Fix 2: Kernel Arguments that are Arrays of Accessors

Arrays of accessors are supported in a manner similar to that of a plain accessor. For each accessor array element, the four values required to call its init function are passed as separate arguments to the kernel. Reassembly within the kernel caller is done by calling the init functions of each accessor array element in ascending index value.

Source code fragment:

  myQueue.submit([&](handler &cgh) {
    using Accessor =
        accessor<int, 1, access::mode::read, access::target::global_buffer>;
    Accessor inAcc[2] = {in_buffer1.get_access<access::mode::read>(cgh),
                         in_buffer2.get_access<access::mode::read>(cgh)};
    auto outAcc = out_buffer.get_access<access::mode::write>(cgh);

    cgh.parallel_for<class Worker>(num_items, [=](sycl::id<1> index) {
      outAcc[index] = inAcc[0][index] + inAcc[1][index];
    });
  });

Integration header:

static constexpr
const kernel_param_desc_t kernel_signatures[] = {
  //--- _ZTSZZ4mainENKUlRN2cl4sycl7handlerEE20->18clES2_E6Worker
  { kernel_param_kind_t::kind_accessor, 4062, 0 },
  { kernel_param_kind_t::kind_accessor, 4062, 32 },
  { kernel_param_kind_t::kind_accessor, 4062, 64 },
};

Device code generated in pseudo-code form:

struct Capture {
    sycl::accessor outAcc; 
    sycl::accessor inAcc[2];
    () {
        // Body
    }
}

spir_kernel void caller(
    __global int* outAccData,    // args of OutAcc
    range<1> outAccR1,
    range<1> outAccR2,
    id<1> outI, 
    __global int* inAccData_0,   // args of inAcc[0]
    range<1> inAccR1_0,
    range<1> inAccR2_0,
    id<1> inI_0,
    __global int* inAccData_1,   // args of inAcc[1]
    range<1> inAccR1_1,
    range<1> inAccR2_1,
    id<1> inI_1,
)
{
    // Local capture object
    struct Capture local;

    // Reassemble capture object from parts 
    // Call outAcc accessor's init function
    sycl::accessor::init(&local.outAcc, outAccData, outAccR1, outAccR2, outI); 

    // Call inAcc[0] accessor's init function
    sycl::accessor::init(&local.inAcc[0], inAccData_0, inAccR1_0, inAccR2_0, inI_0);

    // Call inAcc[1] accessor's init function
    sycl::accessor::init(&local.inAcc[1], inAccData_1, inAccR1_1, inAccR2_1, inI_1);

    callee(&local, id<1> wi);
}

Fix 3: Accessor Arrays within Structs

Kernel parameters that are structs are traversed member by member, recursively, to enumerate member structs that are one of the SYCL special types: sycl::accessor and sycl::sampler.

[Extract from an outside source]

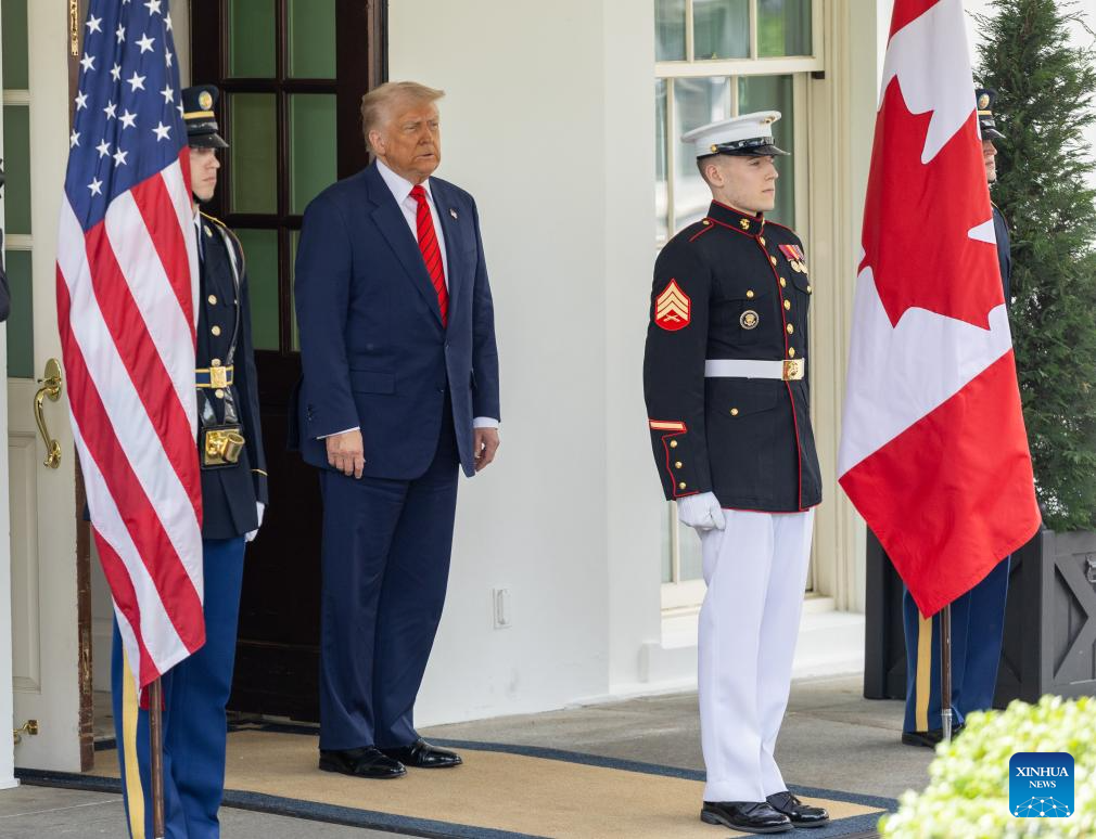 U.S. President Donald Trump (C) waits to welcome Canadian Prime Minister Mark Carney at the White House in Washington, D.C., the United States, on May 6, 2025. The United States will stop strikes against Yemen's Houthi group, President Donald Trump said Tuesday, after a nearly two-month bombing campaign. Trump, ahead of a meeting with Canadian Prime Minister Mark Carney, said the halt would start immediately, after the Houthis approached the administration on Monday night indicating "they want to stop the fighting." (Xinhua/Hu Yousong)

The arguments of the init functions of each special struct encountered in the traversal are added as separate arguments to the kernel. Support for arrays containing SYCL special types builds upon the support for single accessors within structs. Each element of such arrays is treated as an individual object, and the arguments of its init function are added to the kernel arguments in sequence. Within the kernel caller function, the lambda object is reassembled in a manner similar to other instances of accessor arrays.

Source code fragment:

 myQueue.submit([&](handler &cgh) {
   using Accessor =
        accessor<int, 1, access::mode::read, access::target::global_buffer>;
   struct S {
     int m;
     sycl::accessor inAcc[2];
   } s = { 55,
           {in_buffer1.get_access<access::mode::read>(cgh),
            in_buffer2.get_access<access::mode::read>(cgh)}
   };
   auto outAcc = out_buffer.get_access<access::mode::write>(cgh);

   cgh.parallel_for<class Worker>(num_items, [=](sycl::id<1> index) {
     outAcc[index] = s.m + s.inAcc[0][index] + s.inAcc[1][index];
   });
});

Integration header:

static constexpr
const kernel_param_desc_t kernel_signatures[] = {
  //--- _ZTSZZ4mainENKUlRN2cl4sycl7handlerEE20->18clES2_E6Worker
  { kernel_param_kind_t::kind_accessor, 4062, 0 },
  { kernel_param_kind_t::kind_std_layout, 72, 32 },
  { kernel_param_kind_t::kind_accessor, 4062, 40 },
  { kernel_param_kind_t::kind_accessor, 4062, 72 },

};

Device code generated in pseudo-code form:

struct Capture {
    sycl::accessor outAcc;
    struct S s;
    () {
        // Body
    }
}

spir_kernel void caller(
    __global int* outAccData,  // args of OutAcc
    range<1> outAccR1,
    range<1> outAccR2,
    id<1> outI,
    struct S s,                // the struct S
    __global int* inAccData_0, // args of s.inAcc[0]
    range<1> inAccR1_0,
    range<1> inAccR2_0,
    id<1> inI_0,
    __global int* inAccData_1, // args of s.inAcc[1]
    range<1> inAccR1_1,
    range<1> inAccR2_1,
    id<1> inI_1,
)
{
    // Local capture object
    struct Capture local;

    // Reassemble capture object from parts

    // 1. Copy struct argument contents to local copy
    local.s = s;

    // 2. Initialize accessors by calling init functions
    // 2a. Call outAcc accessor's init function
    sycl::accessor::init(
       &local.outAcc, outAccData, outAccR1, outAccR2, outI); 

    // 2b. Call s.inAcc[0] accessor's init function
    sycl::accessor::init(
       &local.s.inAcc[0], inAccData_0, inAccR1_0, inAccR2_0, inI_0);

    // 2c. Call s.inAcc[1] accessor's init function
    sycl::accessor::init(
       &local.s.inAcc[1], inAccData_1, inAccR1_1, inAccR2_1, inI_1);

    callee(&local, id<1> wi);
}